Humans can't visualize data in more than 3-D

# The Curse of Dimensionality

- As number of dimensions increase, need exponentially more data to create a generalized model

- $d$ dimensions, $v$ target values: $O(v^d)$ examples

# Dimension Reduction

### Objective
"Project" data from high dimensions to lower dimensions

There will be data loss, but should be within acceptable limits

# Techniques to reduce dimensions

- Principal Component Analysis (PCA)
- Singular Value Decomposition (SVD)
- Latent Dirichlet Analysis


# Principal Component Analysis

http://scikit-learn.org/stable/modules/generated/sklearn.decomposition.PCA.html

- scikit learn's implementation uses




# Singular Value Decomposition



# Latent Dirichlet Analysis

http://scikit-learn.org/stable/modules/generated/sklearn.decomposition.LatentDirichletAllocation.html

# Workshop - Plotting Data Projections

In this workshop, we will
- Perform 2-dimensional and 3-dimensional PCA projections, using SVD solvers, on a multi-dimensional dataset
- Try Latent Dirichlet Allocation
- Plot and compare the resulting projections

## Dataset - Motion Capture Hand Postures

5 types of hand postures from 12 users were recorded using unlabeled markers on fingers of a glove in a motion capture environment. Due to resolution and occlusion, missing values are common.
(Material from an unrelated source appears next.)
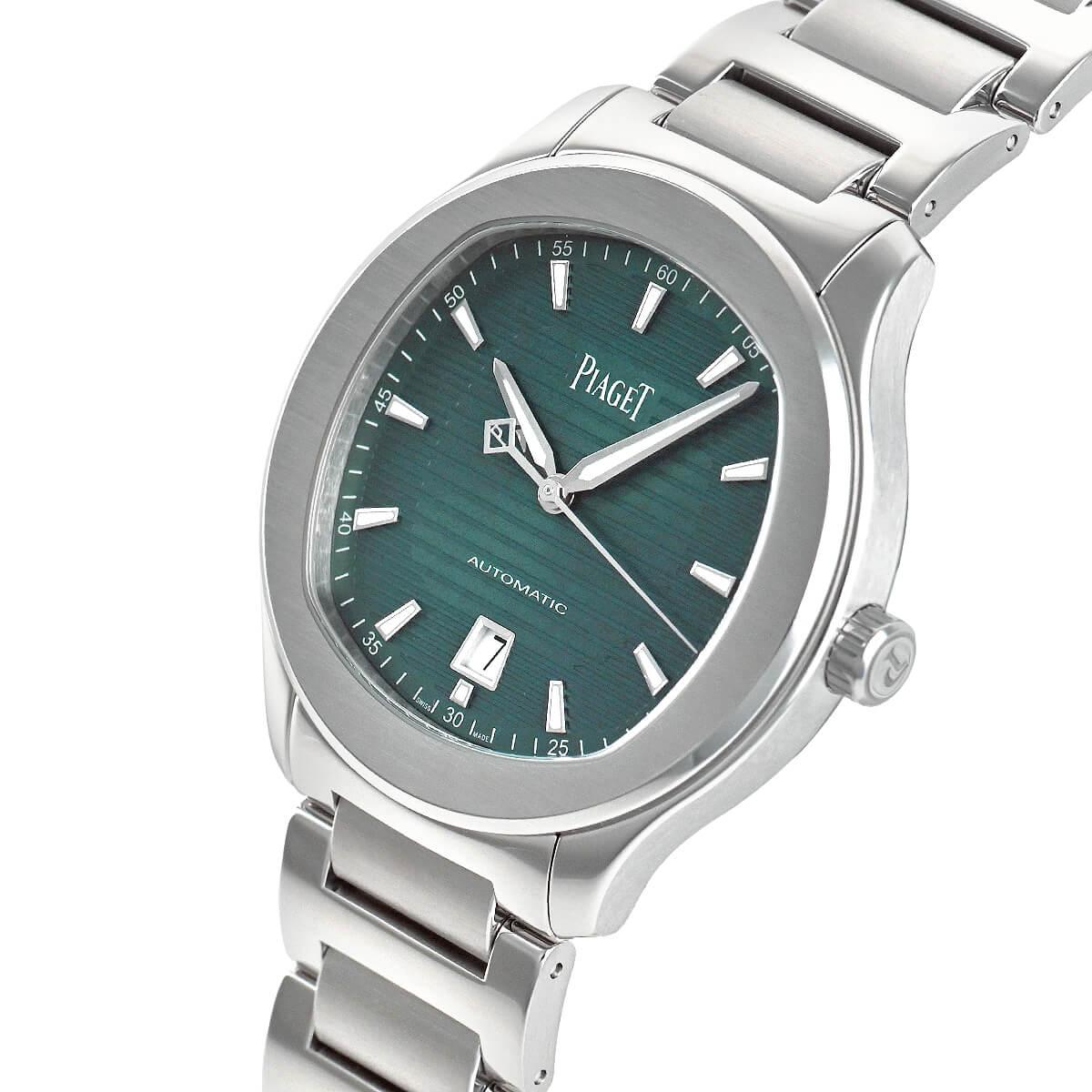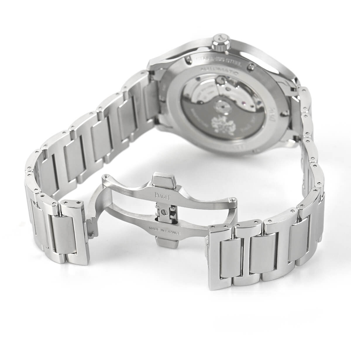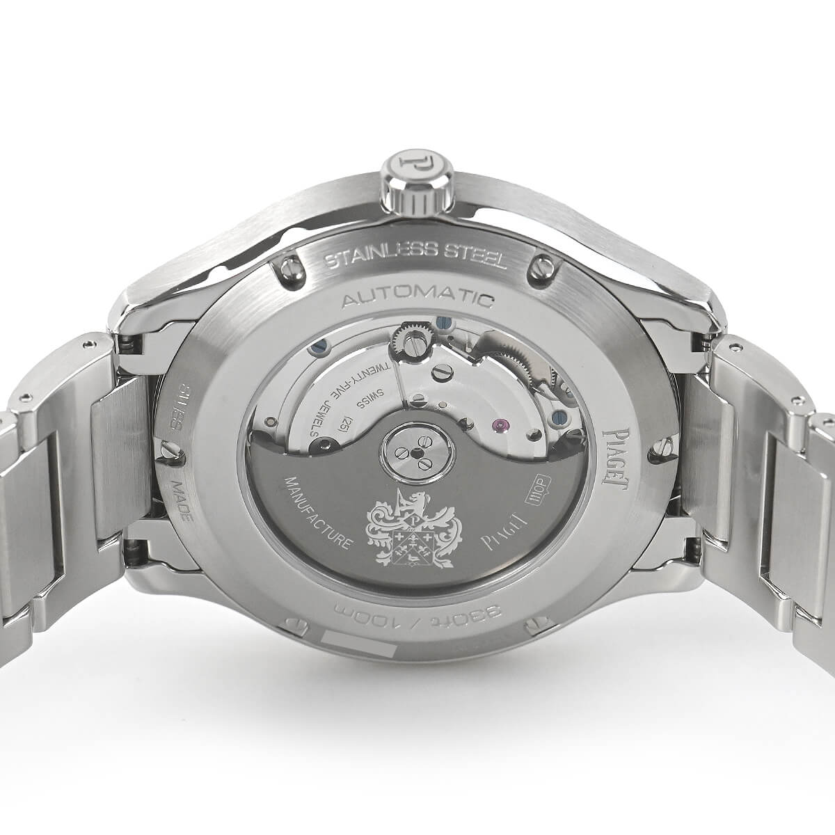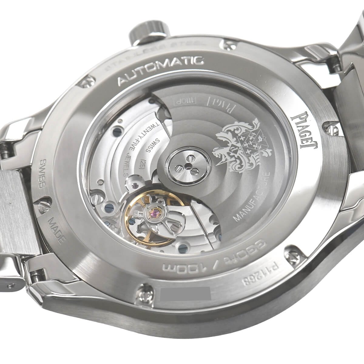 シースルーバックからは、新しく開発された1110Pピアジェ自社製極薄自動巻ムーブメントが鑑賞できます。ピアジェの紋章が刻印されたチャコールグレーのローターも見ものです。

https://archive.ics.uci.edu/ml/datasets/Motion+Capture+Hand+Postures

1. Download the data set from the link above
2. Extract into a folder and update `read_csv` to use your path

In [210]:
import pandas as pd

df = pd.read_csv('D:/tmp/Postures/Postures.csv') # update this to your path
df = df.apply(pd.to_numeric, errors='coerce') # convert non-numeric values to NaN
df.head(10)

Unnamed: 0,Class,User,X0,Y0,Z0,X1,Y1,Z1,X2,Y2,...,Z8,X9,Y9,Z9,X10,Y10,Z10,X11,Y11,Z11
0,0,0,0.0,0.0,0.0,0.0,0.0,0.0,0.0,0.0,...,0.0,0.0,0.0,0.0,0.0,0.0,0.0,0.0,0.0,0.0
1,1,0,54.26388,71.466776,-64.807709,76.895635,42.4625,-72.780545,36.621229,81.680557,...,,,,,,,,,,
2,1,0,56.527558,72.266609,-61.935252,39.135978,82.53853,-49.596509,79.223743,43.254091,...,,,,,,,,,,
3,1,0,55.849928,72.469064,-62.562788,37.988804,82.631347,-50.606259,78.451526,43.567403,...,,,,,,,,,,
4,1,0,55.329647,71.707275,-63.688956,36.561863,81.868749,-52.752784,86.32063,68.214645,...,,,,,,,,,,
5,1,0,55.142401,71.435607,-64.177303,36.175818,81.556874,-53.475747,76.986143,42.426849,...,,,,,,,,,,
6,1,0,55.581184,71.641201,-63.703137,34.850565,81.352041,-54.747443,77.078512,42.548245,...,,,,,,,,,,
7,1,0,34.522824,81.457317,-54.900995,55.827687,71.878788,-63.194368,86.902653,68.31268,...,,,,,,,,,,
8,1,0,61.62155,10.968187,-69.134037,32.678173,81.172874,-56.994362,86.732368,68.308089,...,,,,,,,,,,
9,1,0,61.401356,11.014961,-69.379418,32.527643,81.12766,-57.092473,86.421066,68.405649,...,,,,,,,,,,


In [211]:
# skip the first row, which is all zeros
df = df.iloc[1:]

# randomly sample 5000 points to plot
df = df.sample(n=5000)
print('df.shape:', df.shape)

# split into X and y (ignore User column)
X = df.loc[:, 'X0':]
y = df.loc[:, 'Class']

print('X.shape:', X.shape)
print('y.shape:', y.shape)

df.shape: (5000, 38)
X.shape: (5000, 36)
y.shape: (5000,)


In [212]:
from sklearn.decomposition import PCA

# Run PCA to project into 2 components
pca = PCA(n_components=2)
X_pca = pca.fit_transform(X) # will fail

ValueError: Input contains NaN, infinity or a value too large for dtype('float64').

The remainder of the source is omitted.